Ch 8, Q 47. Solve the following inequality ǀx + 4ǀ/2 > 5

Answer 23

ǀx + 4ǀ/2 > 5
x + 4 > 10
x > 6

OR

-x - 4 > 10
x < -14

Question 24

Ch 8, Q 55. Solve the following inequality 3ǀ(5x/3) - 7ǀ < (2x/3) + 18

Answer 24

3ǀ(5x/3) - 7ǀ < (2x/3) + 18
(5x/3) – 7 < 2x/9 + 6
(5x/3) < 2x/9 + 13
(15x/9) – (2x/9) < 13
13x/9 < 13
13x < 117
x < 117/13
x < 9
OR

(-5x/3) + 7 < 2x/9 + 6
(-5x/3) < 2x/9 - 1
(-15x/9) < 2x/9 - 1
(-15x/9) – (2x/9) < -1
(-17x/9) < -1
-17x < -9
x > 9/17

Question 25

Algebra Strategy Guide, Ch 2, Q 8. a + b = 10, b + c = 12 and a + c = 16

Answer 25

2a + 2b + 2c = 38

a + b + c = 19
-(a + b + 0 = 10)
c = 9

b + 9 = 12
b = 3

a + 9 = 16
a = 7

Question 26

Algebra Strategy Guide, Ch 7, Q 10. If 0 < ab < ac, is a negative?

(1) c < 0
(2) b > c

Answer 26

Answer D. By the transitive property of inequalities, if 0 < ab < ac, then 0 < ac. Therefore, a and c must have the same sign.

(1) SUFFICIENT. c is negative. Therefore, a is negative
(2) SUFFICIENT. We are told that b > c and from the question stem, we know that ab < ac. Thus, when you multiply each side of b > c by a, the signs get flipped. For inequalities, the only circumstance that must be true in order to flip the sign when you multiply by something is if you are multiplying by a negative. Thus, we know that a must be negative.

Question 27

What is the rule for taking the reciprocal of inequalities?

Answer 27

*If you know the signs of the variables, you should flip the inequality UNLESS x and y have different signs

If x < y:

• 1/x > 1/y when x and y are positive. Flip the inequality
• 1/x > 1/y when x and y are negative. Flip the inequality
• 1/x < 1/y when x is negative and y is positive. Do NOT flip the inequality
• if you do not know the signs of x or y, you cannot take the reciprocals

Question 28

Given that ab < 0 and a > b, which of the following must be true?
I. a > 0
II. b > 0
III. 1/a > 1/b

Answer 28

I and III only. The question stem tells you that a and b have different signs (because ab < 0), so a must be positive and b must be negative (because a > b). Therefore, I is true while II is not true.

You also know from the reciprocal rule that if a > b, then 1/a < 1/b (the inequality sign is flipped) unless a and b have different signs, in which case 1/a > 1/b.

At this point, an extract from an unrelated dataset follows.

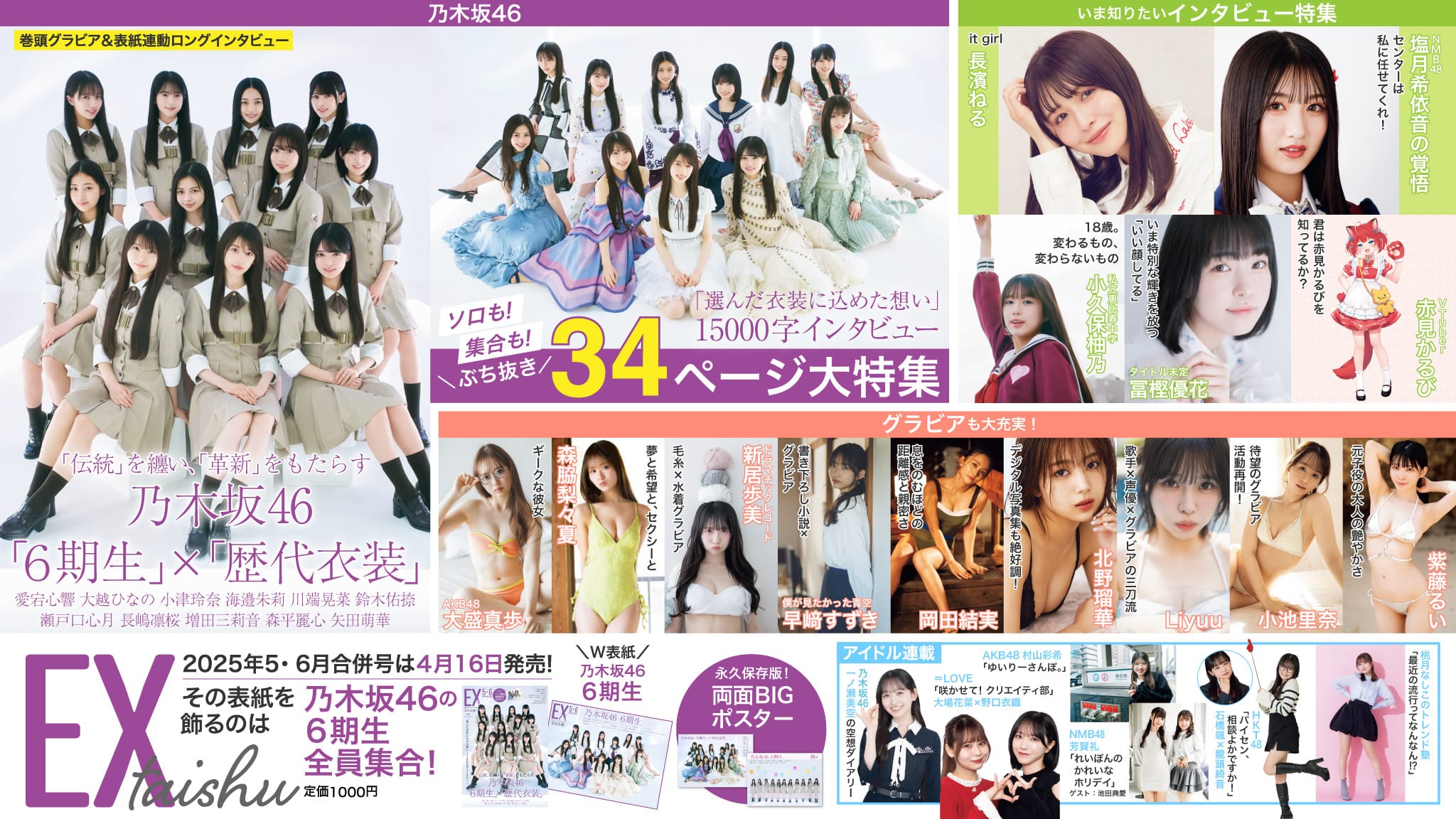 本日4月16日(水)発売の「EX大衆 2025年 5・6月 合併号」の表紙&巻頭大特集は乃木坂46 6期生です。
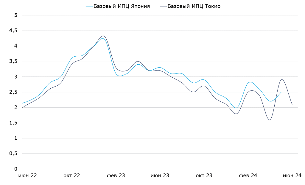 Базовая инфляция в Японии и Токио, %, г/г

Since a and b have different signs here, statement III is true as well.

Question 29

What is the rule for squaring inequalities?

Answer 29

(1) If both sides are known to be negative, then flip the inequality sign when you square
(2) If both sides are known to be positive, then you do not flip the inequality sign when you square
(3) If one side is positive and one side is negative, then you cannot square
(4) If the signs are unclear, then you cannot square

*As with reciprocals, you cannot square both sides of an inequality unless you know the signs of both sides of the inequality

Question 30

Is x^2 > y^2?

(1) x > y
(2) x > 0

Answer 30

Answer E.

(1) INSUFFICIENT. You do not know whether x and y are positive or negative numbers. For example, if x = 5 and y = 4, then x^2 > y^2. However, if x = -4 and y = -5 then x > y but x^2 < y^2
(2) INSUFFICIENT. Does not tell you anything about y.
(C) INSUFFICIENT. You know that x is positive and larger than y. This is still insufficient because y could be a negative number of larger magnitude than x. For example, if x = 3 and y = 2, then x^2 > y^2, but if x = 3 and y = -4, then x^2 < y^2

Question 31

Algebra Guide, Ch 11, Q 2. Is mn > -12?

(1) m > -3
(2) n > -4

Answer 31

Answer E. Inequalities.
(1) INSUFFICIENT. We do not know anything about n.
(2) INSUFFICIENT. We do not know anything about m.
(C) INSUFFICIENT. Combining the two statements, it is tempting to conclude that mn must either be positive or a negative number larger than -12. However, because either variable could be positive or negative, it is possible to end up with a negative number less than -12. For example, m could equal -1 and n could equal 50. In that case, mn = -50, which is less than -12.

Question 32

Algebra Guide, Ch 11, Q 5. Is x < y?

(1) 1/x < 1/y
(2) x/y < 0

Answer 32

Answer C. Inequalities.
(1) INSUFFICIENT. The meaning of this statement depends on the signs of x and y. If x and y are either both positive or both negative, then you can take reciprocals of both sides, yielding x > y. However, this statement could also be true if x is negative and y is positive. In that case, x < y
(2) INSUFFICIENT. The quotient of x and y is negative. In that case, x and y have different signs: one is positive and one is negative. However, this does not tell you which one is positive and which one is negative.
(C) SUFFICIENT. Combining the two statements, if you know the reciprocal of x is less than that of y, and that x and y have opposite signs, then x must be negative and y must be positive, so x < y

Question 33

Recognition: is x < z < y?

(1) x < 2z < y
(2) 2x < z < 2y

Answer 33

(1) Insufficient
(2) Insufficient
(C) Sufficient. Add inequalities when there are multiple variables and multiple inequalities facing the same direction

(x < 2z < y)
+(2x < z < 2y)
=3x < 3z < 3y
= x < z < y